W ciągu ostatnich dwudziestu lat coraz częściej zdarza się, że firmy wymagają od swoich pracowników podpisania umów arbitrażowych. Umowy te wymagają, aby wszystkie spory związane z zatrudnieniem (w tym roszczenia z tytułu dyskryminacji lub molestowania) były rozstrzygane w prywatnym postępowaniu arbitrażowym, a nie na sali sądowej, która jest otwarta dla członków społeczeństwa. Zazwyczaj umowy arbitrażowe przewidują, że decyzja arbitra nie podlega kontroli sądowej, co oznacza, że decyzja arbitra jest ostateczna, nawet jeśli arbiter błędnie zinterpretował prawo lub źle zrozumiał fakty.

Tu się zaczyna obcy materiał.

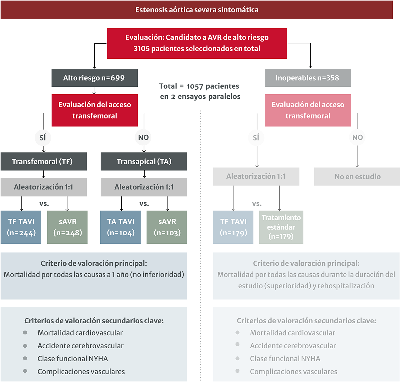 - Un ensayo amplio y multicéntrico que reclutó a pacientes con estenosis aórtica severa (EAS) de riesgo alto y los aleatorizó a TAVI o sAVR

Typowo, umowa arbitrażowa jest przedstawiana komuś w momencie zatrudnienia (jako część dłuższej umowy o pracę lub jako oddzielny dokument). Czasami jednak firma decyduje się poprosić obecnych pracowników o podpisanie umowy. W obu przypadkach, ludzie często zastanawiają się: czy muszę podpisać umowę? Niestety, jeśli podpisanie umowy o pracę jest warunkiem zatrudnienia – niezależnie od tego, czy masz zamiar dołączyć do firmy, czy jesteś już pracownikiem – to musisz ją podpisać, jeśli chcesz pracę. Zgodnie z prawem kalifornijskim, jak również z prawem każdego innego stanu, pracodawca może odmówić zatrudnienia (lub może cię zwolnić), jeśli odmówisz zgody na arbitraż wszystkich swoich sporów pracowniczych.
W tym samym czasie, prawo kalifornijskie wymaga, aby umowa arbitrażowa musi zawierać pewne warunki, aby być wykonalne. Na przykład, pracodawca musi pokryć wszystkie koszty arbitrażu, w tym opłaty dla arbitrów, które mogą wynosić dziesiątki tysięcy dolarów. Ponadto, umowa arbitrażowa nie może ograniczać praw pracownika do „odkrywania” lub odszkodowań, które mogą być odzyskane. Co więcej, w ostatnich latach sądy stanowe i federalne w Kalifornii odmawiały egzekwowania postanowień umów arbitrażowych, które uniemożliwiały pracownikom wnoszenie pozwów zbiorowych. Jednakże, ani jeden sąd w Kalifornii nie orzekł, że niewłaściwe jest wymaganie od osoby fizycznej podpisania umowy arbitrażowej.